De onde é essa que o senhor está usando?
A gravata é Michael Tapia, o terno e o tênis são Brooks Brothers e a camisa comprei na Sicília.

O senhor está usando dois relógios de pulso?
Estou. Ambos são Swiss Army. É uma mania que herdei de uma amiga stylist. Um tem o horário de Nova York, e o outro, de Paris.

De onde vem esse senso estético?
Boa pergunta... Não é da minha mãe nem do meu pai. Acho que vem do meu avô. Ele era um senhor bem estiloso. Usava ternos e cachecóis.

Qual era a profissão dele?
Não sei. Avós, quando somos crianças, são apenas avós, não têm profissão.

O senhor se preocupa em seguir tendências?
Eu era muito, muito, muito fashion quando comecei a trabalhar em revistas de moda. Gostava de seguir as últimas tendências, de gastar todo o meu salário em roupas. Depois percebi que só quando você envelhece sabe, de fato, o que serve ou não. Usei várias coisas que hoje não usaria de jeito nenhum.

Então, quanto mais se experimenta, melhor se escolhe?
Exatamente. Há uma frase famosa que diz que estilo é uma forma de negação. Experimentar, filtrar, selecionar e filtrar de novo e de novo. Até que se chegue ao modelo perfeito. É por isso que eu tenho ternos e gravatas iguais, mudando apenas a cor ou a estampa. Estou, é bom que se diga, falando de mim. Cada um tem o seu jeito de vestir. Esse é o meu.
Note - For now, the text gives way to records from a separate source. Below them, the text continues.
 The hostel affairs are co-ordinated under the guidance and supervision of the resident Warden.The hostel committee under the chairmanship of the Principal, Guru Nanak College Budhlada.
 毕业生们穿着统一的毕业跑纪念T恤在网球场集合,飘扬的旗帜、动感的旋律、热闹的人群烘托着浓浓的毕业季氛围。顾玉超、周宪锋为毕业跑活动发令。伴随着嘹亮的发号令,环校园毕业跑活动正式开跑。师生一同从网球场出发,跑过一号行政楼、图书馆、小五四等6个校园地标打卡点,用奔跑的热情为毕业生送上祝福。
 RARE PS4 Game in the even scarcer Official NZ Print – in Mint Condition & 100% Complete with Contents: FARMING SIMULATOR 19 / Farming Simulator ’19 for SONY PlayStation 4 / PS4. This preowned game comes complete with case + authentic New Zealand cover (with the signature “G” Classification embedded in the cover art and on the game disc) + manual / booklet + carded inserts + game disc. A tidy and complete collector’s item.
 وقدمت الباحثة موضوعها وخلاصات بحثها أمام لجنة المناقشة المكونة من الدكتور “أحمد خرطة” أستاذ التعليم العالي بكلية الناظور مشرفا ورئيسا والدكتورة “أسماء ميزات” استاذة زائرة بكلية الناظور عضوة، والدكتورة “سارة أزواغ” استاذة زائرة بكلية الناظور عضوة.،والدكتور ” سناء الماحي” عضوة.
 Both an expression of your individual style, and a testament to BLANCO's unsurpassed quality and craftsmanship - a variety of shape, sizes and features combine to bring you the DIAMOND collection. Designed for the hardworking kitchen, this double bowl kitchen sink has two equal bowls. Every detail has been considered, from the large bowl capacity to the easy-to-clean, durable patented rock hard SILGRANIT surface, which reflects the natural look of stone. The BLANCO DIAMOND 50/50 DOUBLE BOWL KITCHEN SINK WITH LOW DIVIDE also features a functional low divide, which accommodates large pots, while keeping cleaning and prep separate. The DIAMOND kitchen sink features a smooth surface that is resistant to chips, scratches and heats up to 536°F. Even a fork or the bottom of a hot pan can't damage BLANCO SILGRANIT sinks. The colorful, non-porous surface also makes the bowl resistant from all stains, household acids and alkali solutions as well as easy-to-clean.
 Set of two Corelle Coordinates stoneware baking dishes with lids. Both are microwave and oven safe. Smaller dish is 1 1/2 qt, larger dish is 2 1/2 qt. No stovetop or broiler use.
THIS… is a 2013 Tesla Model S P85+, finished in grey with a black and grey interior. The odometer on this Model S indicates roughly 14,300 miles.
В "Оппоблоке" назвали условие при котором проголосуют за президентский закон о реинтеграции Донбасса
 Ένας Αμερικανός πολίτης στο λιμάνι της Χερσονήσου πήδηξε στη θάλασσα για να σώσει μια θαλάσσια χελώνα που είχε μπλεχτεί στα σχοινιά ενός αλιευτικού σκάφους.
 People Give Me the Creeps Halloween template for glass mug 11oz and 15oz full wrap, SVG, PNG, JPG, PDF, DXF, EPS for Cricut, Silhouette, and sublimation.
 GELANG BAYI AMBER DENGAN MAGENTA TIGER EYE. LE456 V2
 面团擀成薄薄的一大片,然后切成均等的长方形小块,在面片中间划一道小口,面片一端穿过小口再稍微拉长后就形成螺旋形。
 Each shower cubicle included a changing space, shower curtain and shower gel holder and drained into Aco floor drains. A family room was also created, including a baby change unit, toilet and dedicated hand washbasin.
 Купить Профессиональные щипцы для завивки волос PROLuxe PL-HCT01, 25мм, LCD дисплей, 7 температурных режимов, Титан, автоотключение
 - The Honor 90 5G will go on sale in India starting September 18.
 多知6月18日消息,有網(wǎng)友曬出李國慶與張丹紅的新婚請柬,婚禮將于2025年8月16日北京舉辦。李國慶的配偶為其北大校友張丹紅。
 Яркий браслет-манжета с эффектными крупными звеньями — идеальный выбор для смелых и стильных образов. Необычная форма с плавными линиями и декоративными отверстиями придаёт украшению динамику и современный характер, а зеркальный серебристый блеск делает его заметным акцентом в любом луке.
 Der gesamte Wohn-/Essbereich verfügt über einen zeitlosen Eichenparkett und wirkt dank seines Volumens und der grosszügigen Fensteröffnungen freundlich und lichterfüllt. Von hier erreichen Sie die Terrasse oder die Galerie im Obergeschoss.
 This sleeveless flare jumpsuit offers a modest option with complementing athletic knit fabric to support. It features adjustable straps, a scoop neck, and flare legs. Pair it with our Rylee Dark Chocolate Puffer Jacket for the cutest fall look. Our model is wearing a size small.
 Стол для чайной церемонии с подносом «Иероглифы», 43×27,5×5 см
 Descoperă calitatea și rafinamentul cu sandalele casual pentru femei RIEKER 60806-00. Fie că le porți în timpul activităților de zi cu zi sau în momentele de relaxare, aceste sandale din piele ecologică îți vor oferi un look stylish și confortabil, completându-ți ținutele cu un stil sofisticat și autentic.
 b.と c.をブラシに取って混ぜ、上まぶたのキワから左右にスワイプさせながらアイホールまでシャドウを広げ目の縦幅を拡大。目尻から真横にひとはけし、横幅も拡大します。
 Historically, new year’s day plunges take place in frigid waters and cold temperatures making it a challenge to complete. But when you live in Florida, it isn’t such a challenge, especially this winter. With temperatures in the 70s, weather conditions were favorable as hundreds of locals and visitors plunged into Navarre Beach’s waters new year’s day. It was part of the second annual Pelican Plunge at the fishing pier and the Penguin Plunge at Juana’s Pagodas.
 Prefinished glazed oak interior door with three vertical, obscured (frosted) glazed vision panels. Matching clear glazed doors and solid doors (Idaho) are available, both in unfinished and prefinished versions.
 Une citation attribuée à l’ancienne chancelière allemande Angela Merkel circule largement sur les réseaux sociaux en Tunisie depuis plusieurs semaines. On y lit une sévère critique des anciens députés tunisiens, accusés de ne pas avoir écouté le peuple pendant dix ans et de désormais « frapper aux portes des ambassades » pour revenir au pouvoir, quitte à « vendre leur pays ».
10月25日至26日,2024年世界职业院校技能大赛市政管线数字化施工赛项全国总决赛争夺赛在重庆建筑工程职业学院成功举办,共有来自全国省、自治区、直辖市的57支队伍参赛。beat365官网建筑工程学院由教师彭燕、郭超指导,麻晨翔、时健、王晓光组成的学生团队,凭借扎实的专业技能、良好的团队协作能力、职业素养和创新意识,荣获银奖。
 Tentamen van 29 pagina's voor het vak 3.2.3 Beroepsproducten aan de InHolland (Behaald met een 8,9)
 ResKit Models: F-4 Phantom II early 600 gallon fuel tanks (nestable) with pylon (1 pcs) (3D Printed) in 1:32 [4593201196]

E como o senhor julga o jeito dos outros?
Não julgo nem ligo. Pouco me importa como os outros se vestem. Se as pessoas se sentem bem como estão, não me cabe julgar o mau gosto.

Na sua opinião, qual é a pior década da moda?
Sem dúvida, os anos 70. Era tudo horrível. Nem chique, como no início do século, nem hippie, como nos anos 60. Eram tecidos toscos, modelos feios, cores horrendas. E, especialmente, cabelos idiotas.

Quem, no showbiz, é chique?
Ninguém. Não há famosos chiques hoje em dia. Todos se vestem muito mal. Também, pudera, eles não se dão ao trabalho de escolher as próprias roupas. Preferem pagar um pessoa para fazer isso.

Muita gente achou ofensiva a reportagem que a Vanity Fair de setembro publicou sobre o Brasil. O senhor acompanhou essa repercussão?
O artigo foi escrito por um jornalista polêmico, de texto ácido, daí a analogia de que o Brasil está para o bumbum assim como os Estados Unidos estão para os seios. Mas isso em momento algum me pareceu depreciativo. Chamei Mario Testino para fotografar e convidei dezenas de celebridades brasileiras para posar com a intenção de homenagear o espírito festeiro do Brasil. Lamento se pareceu ofensivo. Para mim, era uma homenagem, não uma crítica.

O senhor vem ao Rio com freqüência. É verdade que gostaria de comprar um apartamento aqui?
Dois anos atrás diria que sim. Mas, quanto mais procuro, mais fico chocado com os preços. Morar de frente para o mar no Leblon – sim, porque Copacabana não faz meu estilo, é cafona, muito turística – é mais caro que morar no melhor lugar de Manhattan.

O senhor já sofreu preconceito por ser negro?
Nos Estados Unidos, pior do que ser negro é ser britânico (risos). E no mundo da moda, há algumas décadas, pior do que ser negro, ou britânico, era ser homem! Para você ter uma idéia, quando comecei a ilustrar artigos de moda, nunca assinavam Michael Roberts, era sempre um pseudônimo feminino, inventado para me disfarçar.